A new year can mean a lot to many people, which is why Hallmark pays their employees a handsome amount of money to come up with the simplest words to describe how one would feel about the new year or rather to help those in need of a line or two to wish their friends and family well (because coming up with the words "Happy New Year, May God Bless you", takes a genius with a good paying salary). I've always been under the impression that New Years Eve (NYE) was a day one should never celebrate alone. This year however was different for me. I tried to remember the NYE celebrations I've had in the past and tried to remember how I felt on all those occasions (I've got a pretty good memory!). And at all the times (at various places/countries), I remember always feeling the same way... LOST!

Why was I lost? I always wondered if what I was doing in life was the right thing. Sometimes I'd wonder why we had to do any of those things we were doing, be it studying, working, hanging out with family, friends. Why is it that we do these things? Then I start to question my very being and I get so confused and feel so alone. I mean, aren't we all alone on this planet anyway? We find what little comfort in the arms of family and friends, but really, aren't we alone most of the time anyways? If you can't agree with this, then savor this.. when you are reading a book or thinking of something to do, aren't you alone up in your head? We're up in our head or lost in our own thoughts most of the day, so in essence, we're all alone on this planet. So why is it that we 'think' we need others in our lives to conjure up relationships we feel are needed?

Anyhow.. this year I spent NYE completely in undeniably of what laid in front of me. Without the distractions from surroundings, I reminisced on all my goals and what was needed of me to achieve them. After much thought, I came to realize that I too have become a victim of society or the rules made by society. I found myself judging the way I had chosen to live my life alone when I forgot that the very essence of this choice was to enable myself to concentrate on achieving my world's greatest. Soon after I didn't feel bad for myself for spending NYE alone, watching a movie and reading a book.
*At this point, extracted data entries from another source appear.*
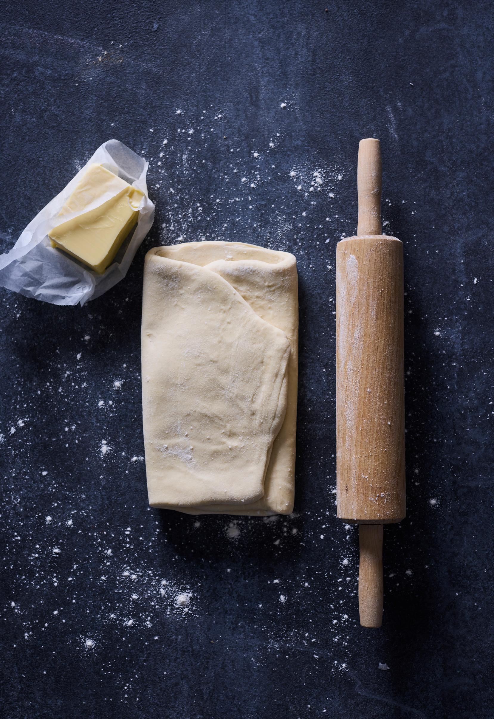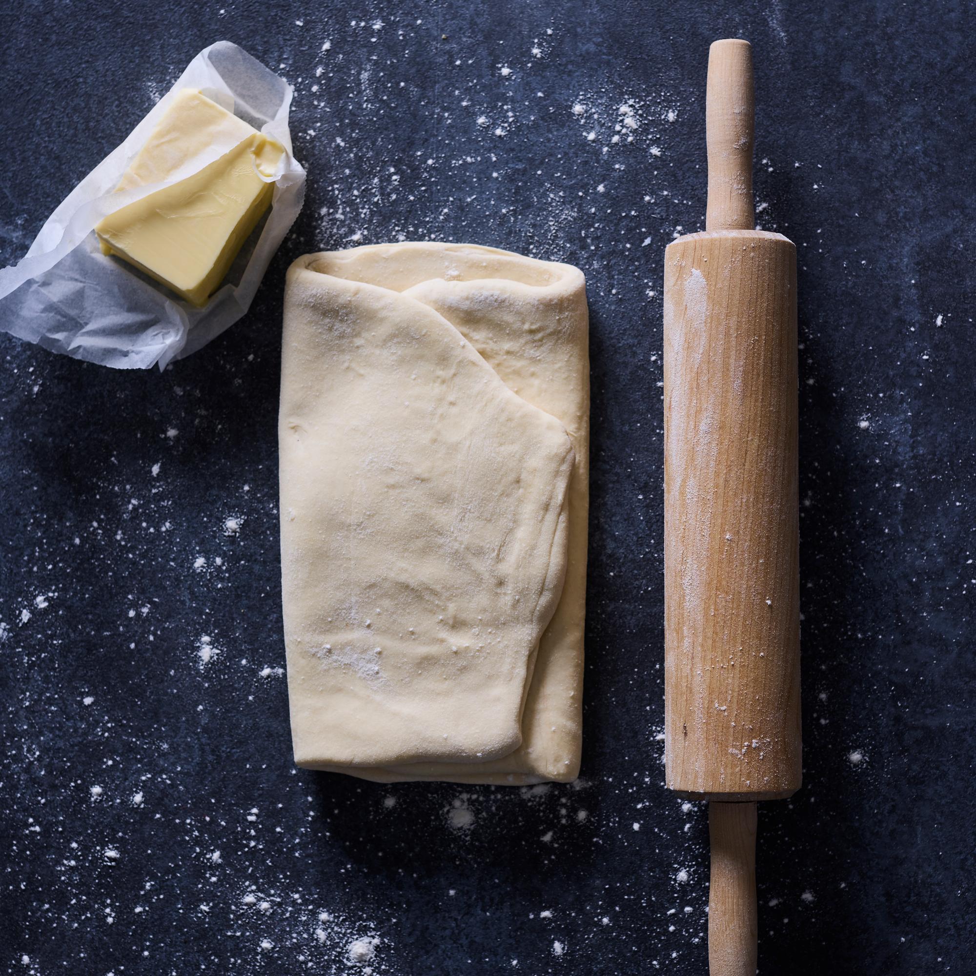 - Ripottele jauhoja taikinalevyn molemmille puolille. Painele taikinaa ensin kaulimella ja kauli sitten levyksi, jonka koko on noin 20 × 45 cm. Taittele taas kolmeen osaan neliöksi. Kauli vielä kerran levyksi, jonka koko on noin 30 × 30 cm, ja taita kolmeen osaan. Nosta taikina pakastimeen jäähtymään 20 minuutiksi.
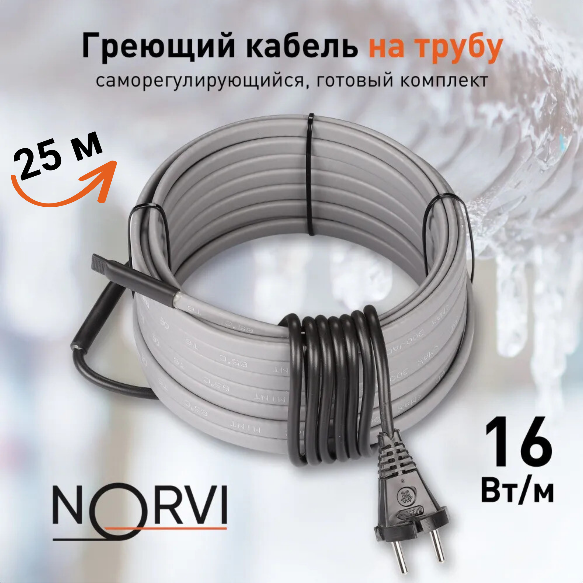 Греющий кабель NORVI ONPIPE, 16 Вт, 1 м, для обогрева труб снаружи
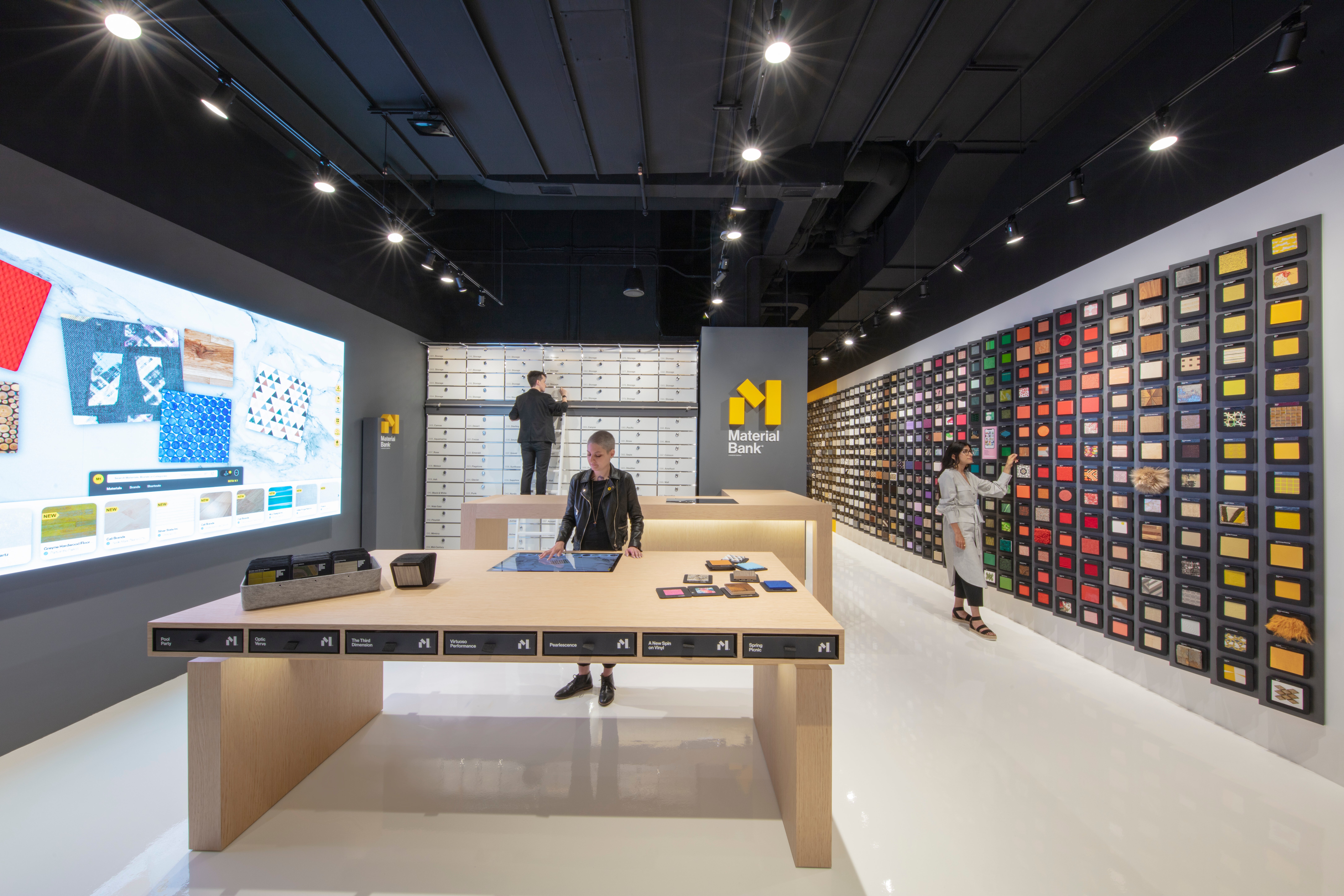 The new outpost features a wall adorned with Material Bank’s new Smart Swatch system, a QR-code-enabled swatch, affixed magnetically on the walls (with thousands more stored in a wall full of drawers, organized by color, material, and theme), that provides effortless access to information like available colorways and a suite of product specs. The space also features the Material Desk, a new interactive touchscreen that helps architects and designers create palettes with renderings of samples from the Material Bank library—all of which can then be easily ordered for the platform’s signature next-day delivery.
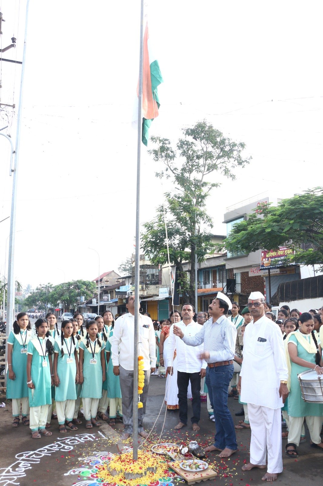 मुरगूड -शहर जेष्ठ नागरीक संघाच्या प्रांगणात स्वातंत्र्य सैनिकाचे वारसदार व_संघाचे जेष्ठ सदस्य श्री . तुकाराम भारमल यांच्या शुभहस्ते ध्वजारोहन करण्यात आले. भारतीय स्वातंत्र्याचा अमृतमहोत्सवानिमित्य उपस्थितानां जिलेबीचे वाटप करुन आनंद व्यक्त करण्यात आला.
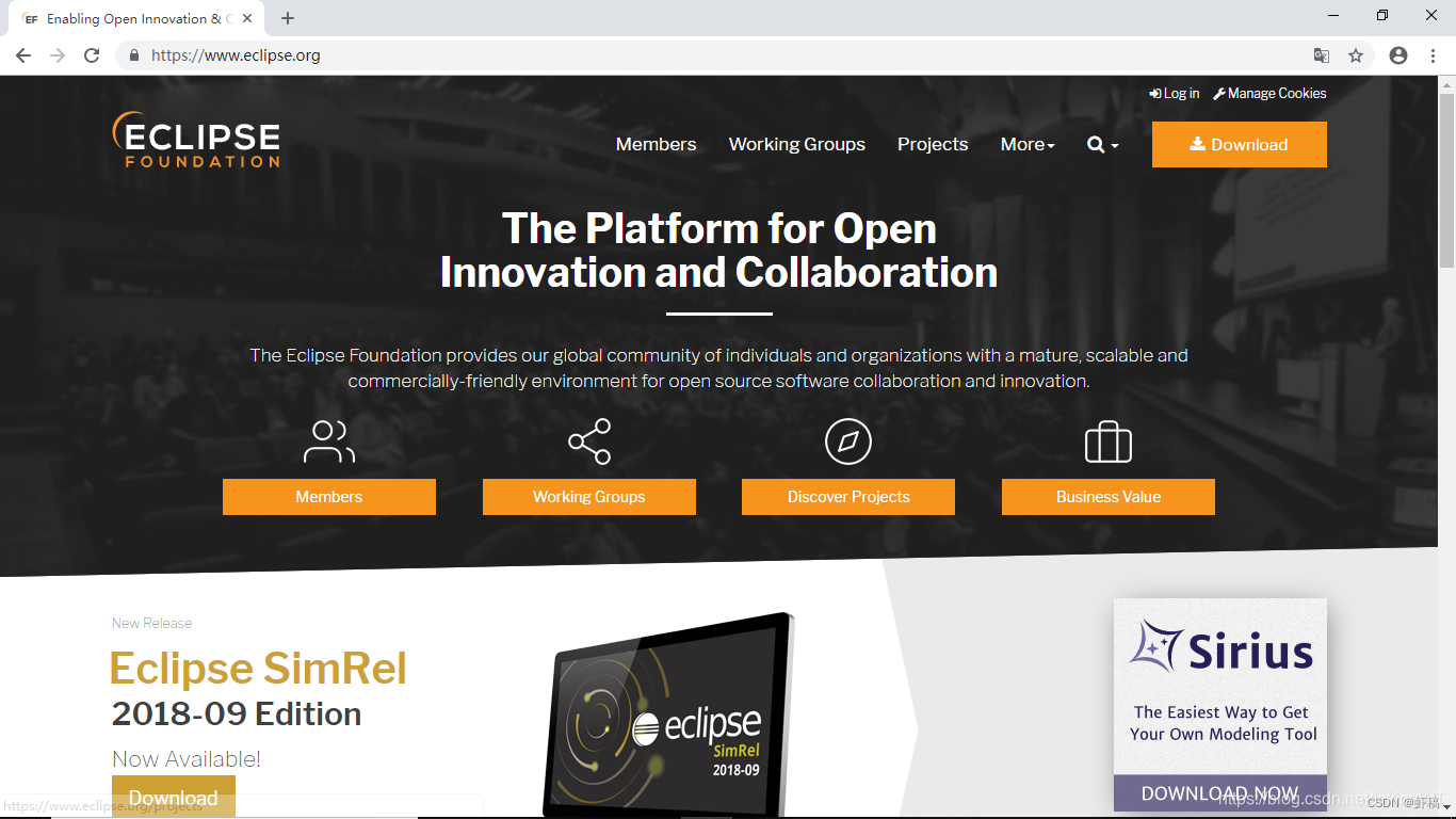 1、打开Eclipse官网,默认进入官网首页,官网地址为:https://www.eclipse.org/

Thereafter I actually felt glad that I had taken some time off to spend with myself in the name of appreciation for all that I've been through.

I do not oppose of the idea of spending NYE or for that matter any holiday with family and friends, rather I feel what we miss most is taking the time off to appreciate ourselves. Who could appreciate ourselves more than us truly?

1 comment:

  1. This one is very well written, your ideas have been articulated perfectly. I couldn't agree anymore on this topic. :)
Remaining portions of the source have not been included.